──────── Given data

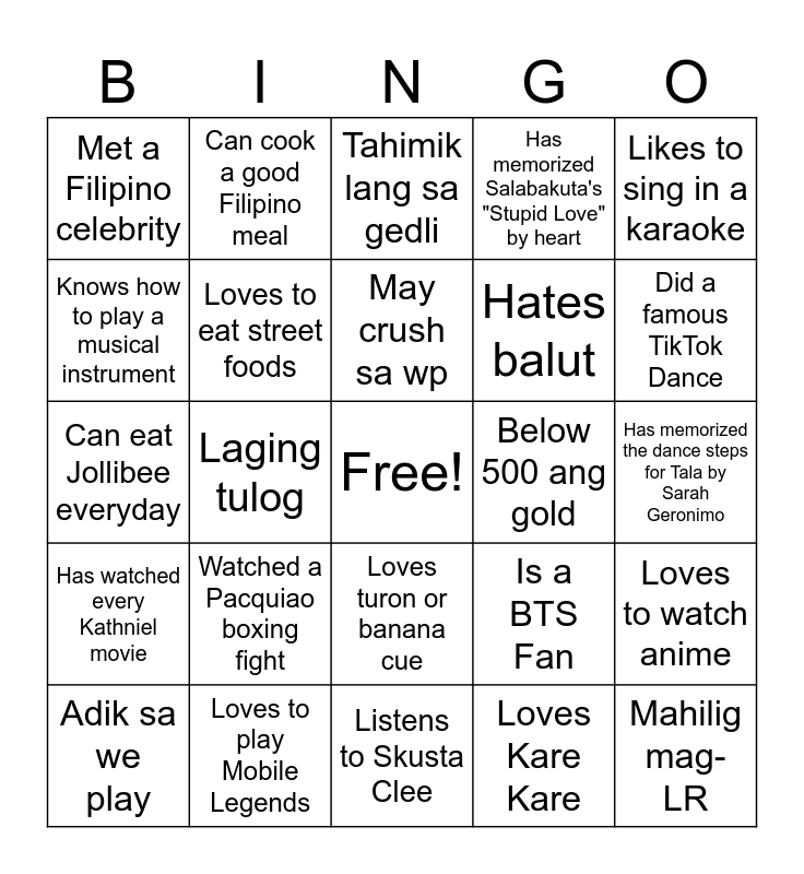 This bingo card has a free space and 24 words: Adik sa we play, Watched a Pacquiao boxing fight, May crush sa wp, Loves Kare Kare, Likes to sing in a karaoke, Met a Filipino celebrity, Can cook a good Filipino meal, Tahimik lang sa gedli, Below 500 ang gold, Has memorized the dance steps for Tala by Sarah Geronimo, Can eat Jollibee everyday, Loves to eat street foods, Is a BTS Fan, Loves to watch anime, Knows how to play a musical instrument, Loves to play Mobile Legends, Listens to Skusta Clee, Has memorized Salabakuta's "Stupid Love" by heart, Did a famous TikTok Dance, Has watched every Kathniel movie, Laging tulog, Loves turon or banana cue, Hates balut and Mahilig mag-LR.
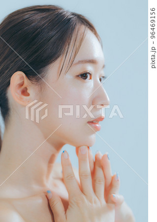 美容やビューティーに 輝く美しい肌でカメラ目線のアンニュイな表情の色っぽい女性 クローズアップの横顔
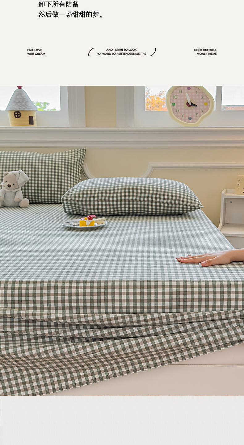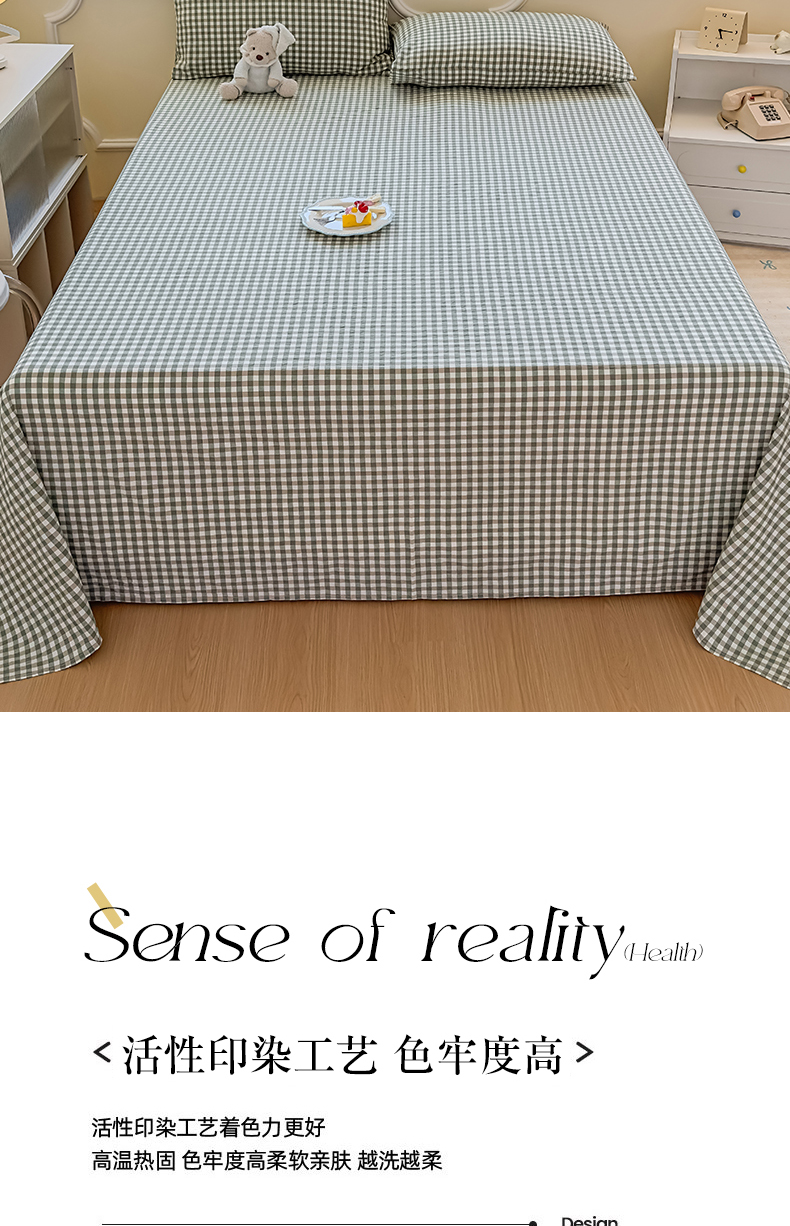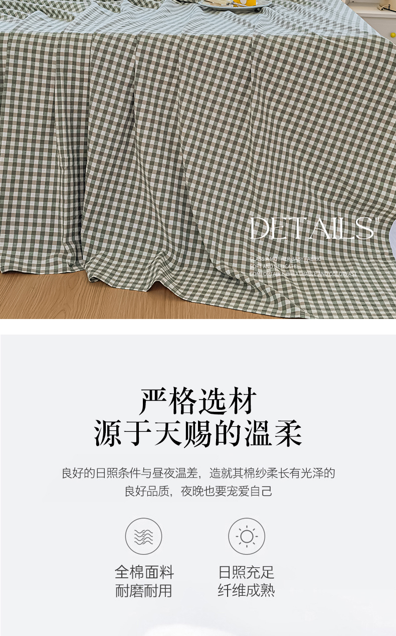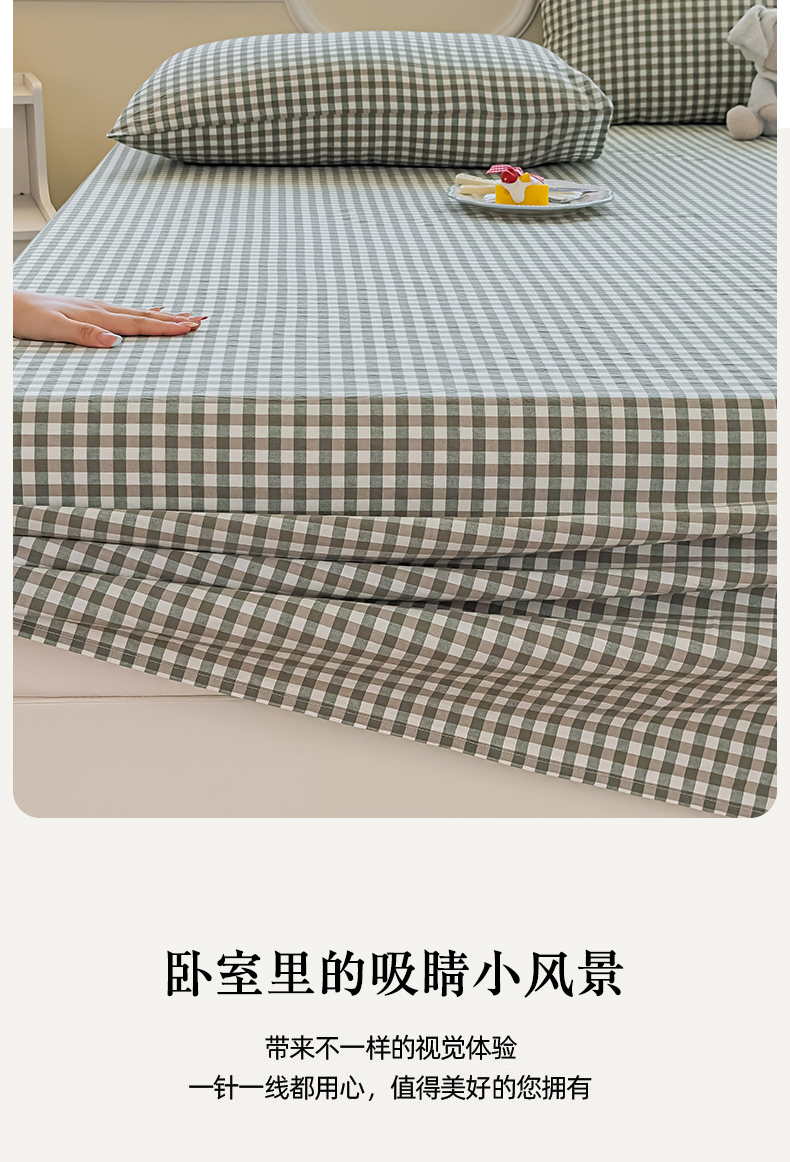 商品名称:菡宝 2025新款全棉纯棉色织水洗棉单床单 绿小格

────────────────

Work item: Your answer must reproduce exactly the lines from the line with "美容やビューティーに 輝く美しい肌でカメラ目線のアンニュイな表情の色っぽい女性 クローズアップの横顔" through the end of the material, both ends included, with every picture dropped.

The completed task:
 美容やビューティーに 輝く美しい肌でカメラ目線のアンニュイな表情の色っぽい女性 クローズアップの横顔
 商品名称:菡宝 2025新款全棉纯棉色织水洗棉单床单 绿小格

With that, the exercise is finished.